[Swift-user] Remote SGE cluster
Yadu Nand Babuji
yadunand at uchicago.edu
Mon May 4 14:57:49 CDT 2015
Hi Igor,
Are you able to ssh from your machine to legion directly without
entering passwords ?
Could you please send us a tarball of the runNNN directories for a
failing run ?
I've put the following settings in my ~/.ssh/config on my laptop and
setup ssh keys on
both socrates and legion. This allows me to use "ssh
legion.rc.ucl.ac.uk" and connect.
Host legion.rc.ucl.ac.uk
User YOUR_USERNAME
Hostname legion.rc.ucl.ac.uk
ProxyCommand ssh socrates -W %h:%p
Host socrates
Hostname socrates.ucl.ac.uk
User YOUR_USERNAME
ForwardAgent yes
Thanks,
Yadu
On 05/04/2015 07:51 AM, Igor Russo wrote:
> Hi Yadu,
>
> Thanks again.
>
> I tried your suggestion. Now i'm not getting the previous error, but
> the jobs aren't being submitted:
>
> RunID: run001
> Progress: Seg, 04 Mai 2015 09:32:54-0300
> Progress: Seg, 04 Mai 2015 09:32:55-0300 Submitting:1
> Progress: Seg, 04 Mai 2015 09:33:25-0300 Submitting:1
> Progress: Seg, 04 Mai 2015 09:33:55-0300 Submitting:1
> Progress: Seg, 04 Mai 2015 09:34:25-0300 Submitting:1
> Progress: Seg, 04 Mai 2015 09:34:55-0300 Submitting:1
> Progress: Seg, 04 Mai 2015 09:35:25-0300 Submitting:1
> Progress: Seg, 04 Mai 2015 09:35:55-0300 Submitting:1
> Progress: Seg, 04 Mai 2015 09:36:25-0300 Submitting:1
>
> In the the log file, i notice the following errors:
>
> 2015-05-04 09:24:06,223-0300 INFO ServiceManager Service does not
> appear to be registered with this manager
> 2015-05-04 09:24:06,223-0300 INFO ServiceManager Coaster service
> ended. Reason: null
>
> Thanks,
> Igor
>
>
> 2015-05-01 17:47 GMT-03:00 Yadu Nand Babuji <yadunand at uchicago.edu
> <mailto:yadunand at uchicago.edu>>:
>
> Hi Igor,
>
> The remote connection system requires that the local machine you
> run the swift client on has
> a public ip address.

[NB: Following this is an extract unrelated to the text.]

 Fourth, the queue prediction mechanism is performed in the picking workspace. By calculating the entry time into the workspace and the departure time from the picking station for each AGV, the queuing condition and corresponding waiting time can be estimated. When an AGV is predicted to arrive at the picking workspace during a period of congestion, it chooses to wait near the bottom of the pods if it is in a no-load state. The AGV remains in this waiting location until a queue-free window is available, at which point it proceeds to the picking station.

It looks like swift was not able to guess it
> and set it tohttp://igor-ubuntu:51251 <http://igor-ubuntu:51251/>
>
> Could you retry running part04 after doing the next step, and
> please make sure your environment has
> these variables set whenever you run swift to remote systems :
> export GLOBUS_HOSTNAME=<PUBLIC_IP_OF_YOUR_MACHINE>
> export GLOBUS_TCP_PORT_RANGE=50000,51000
>
> Thanks,
> Yadu
>
>
> On 05/01/2015 02:29 PM, Igor Russo wrote:
>> Hi Yadu,
>>
>> Thank you very much!
>>
>> I changed the config file with the data from my cluster.
>>
>> When executing the 4th part of Swift-tutorial, i'm getting the
>> following error:
>> "Failed to download bootstrap jar from ..."
>>
>>
>> --------------------------------------------------------------------------------
>>
>> RunID: run031
>> Progress: Sex, 01 Mai 2015 15:40:42-0300
>> Progress: Sex, 01 Mai 2015 15:40:43-0300 Submitting:1
>>
>> Execution failed:
>> Exception in sort:
>> Arguments: [-n, unsorted.txt]
>> Host: mmc
>> Directory: p4-run031/jobs/s/sort-go28d68m
>> exception @ swift-int-staging.k, line: 165
>> Caused by:
>> exception @ swift-int-staging.k, line: 160
>> Caused by: null
>> Caused by:
>> org.globus.cog.abstraction.impl.common.task.TaskSubmissionException:
>> Could not submit job
>> Caused by:
>> org.globus.cog.abstraction.impl.common.task.TaskSubmissionException:
>> Could not start coaster service
>> Caused by:
>> org.globus.cog.abstraction.impl.common.task.TaskSubmissionException:
>> Task ended before registration was received.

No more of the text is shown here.